Start of PROVIDED DATA

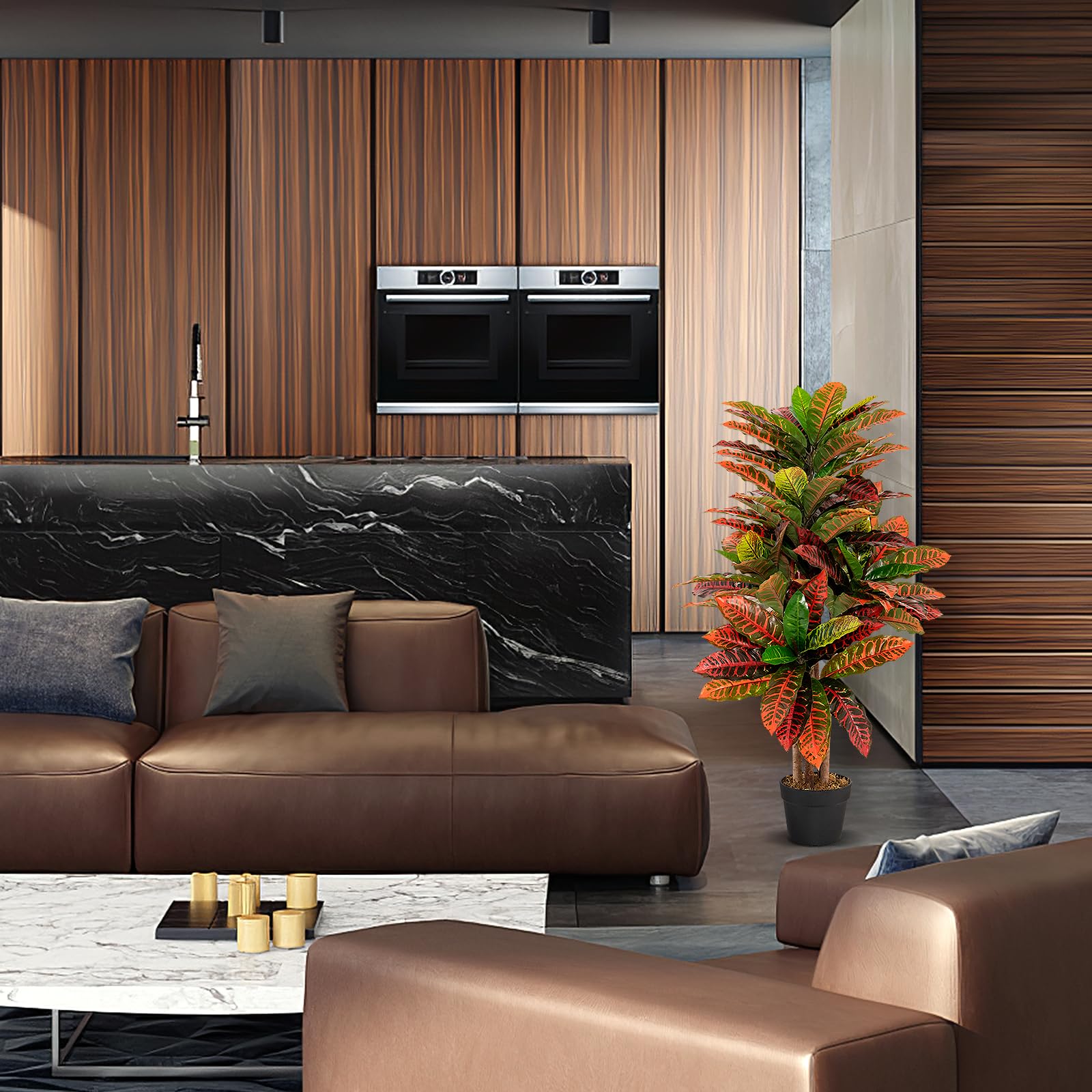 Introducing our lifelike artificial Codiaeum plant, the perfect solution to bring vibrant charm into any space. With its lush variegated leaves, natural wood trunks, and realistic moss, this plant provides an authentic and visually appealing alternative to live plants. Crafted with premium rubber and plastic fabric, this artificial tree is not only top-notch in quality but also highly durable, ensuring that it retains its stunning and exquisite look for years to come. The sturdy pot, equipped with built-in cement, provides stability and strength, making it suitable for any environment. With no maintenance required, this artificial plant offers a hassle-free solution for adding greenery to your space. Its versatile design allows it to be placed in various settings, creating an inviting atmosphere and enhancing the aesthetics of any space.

End of PROVIDED DATA
Start of PROVIDED DATA

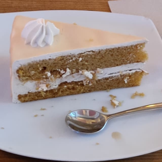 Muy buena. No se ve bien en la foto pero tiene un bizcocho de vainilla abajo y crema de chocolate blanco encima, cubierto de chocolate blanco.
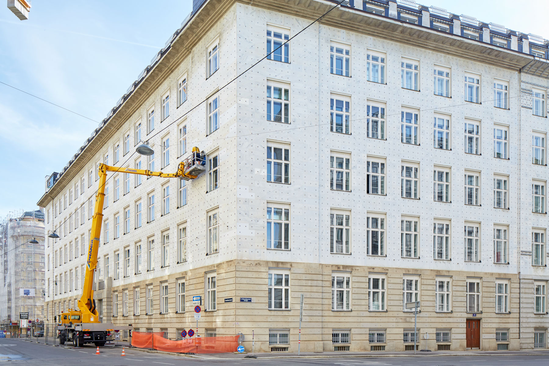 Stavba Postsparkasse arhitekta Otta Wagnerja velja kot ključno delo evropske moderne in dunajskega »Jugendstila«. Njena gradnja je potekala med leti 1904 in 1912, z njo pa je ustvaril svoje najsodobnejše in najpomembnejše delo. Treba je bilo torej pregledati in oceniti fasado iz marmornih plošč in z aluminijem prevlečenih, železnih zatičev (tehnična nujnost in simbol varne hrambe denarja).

End of PROVIDED DATA

• PROBLEM STATEMENT:
Repeat exactly, and only, the entries from the line with "Muy buena. No" through the line with "Stavba Postsparkasse arhitekta". Pictures are skipped.

• RESULT OF THE EXERCISE:
 Muy buena. No se ve bien en la foto pero tiene un bizcocho de vainilla abajo y crema de chocolate blanco encima, cubierto de chocolate blanco.
 Stavba Postsparkasse arhitekta Otta Wagnerja velja kot ključno delo evropske moderne in dunajskega »Jugendstila«. Njena gradnja je potekala med leti 1904 in 1912, z njo pa je ustvaril svoje najsodobnejše in najpomembnejše delo. Treba je bilo torej pregledati in oceniti fasado iz marmornih plošč in z aluminijem prevlečenih, železnih zatičev (tehnična nujnost in simbol varne hrambe denarja).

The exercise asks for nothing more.